Tokyo also has a treaty with the US, which was originally devised as a means of defending Japan without the need for it to rearm after the Second World War. It was driven by the memory of Japanese wartime brutality in countries such as the Philippines, which were occupied by the imperial forces.
![Japan Self-Defence Forces amphibious assault vehicles formed part of a joint-landing exercise with Philippine and US troops north of Manila in 2018](https://cdn.statically.io/img/www.thetimes.com/imageserver/image/%2Fmethode%2Ftimes%2Fprod%2Fweb%2Fbin%2Fadc288c8-0a19-46c4-ad17-fafedd0fd4f1.jpg?crop=4088%2C2725%2C0%2C0)

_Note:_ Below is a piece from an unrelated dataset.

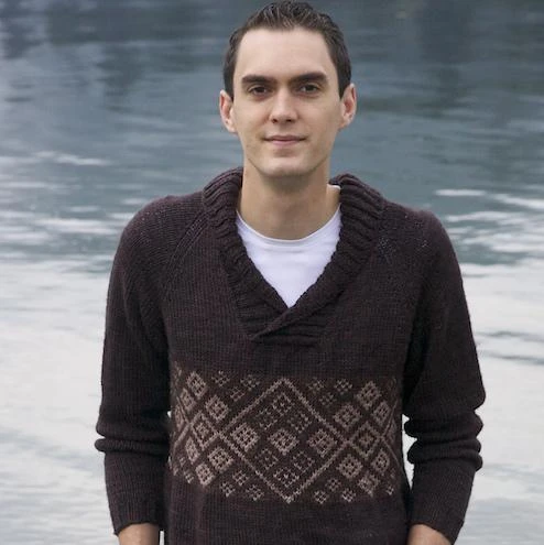 This pullover is knit from the bottom up, in the round. Body and sleeves are knit to underarm, then joined for working the yoke. The shawl collar is picked up and knit last.

It is a measure of how much has changed that eight decades later the two countries are now security partners, brought together by a common threat — and that Japan is being encouraged by its partners to rearm to levels not seen since the war.
Fumio Kishida, the prime minister of Japan, has undertaken to double defence spending by 2027. Two years before that, Japan’s Self-Defence Forces will also acquire US-made Tomahawk cruise missiles.
“This is another milestone in our shared endeavour to ensure a rules-based international order,” said Teodoro after the signing of the agreement in the Malacanang palace in Manila, overseen by President Marcos of the Phillippines.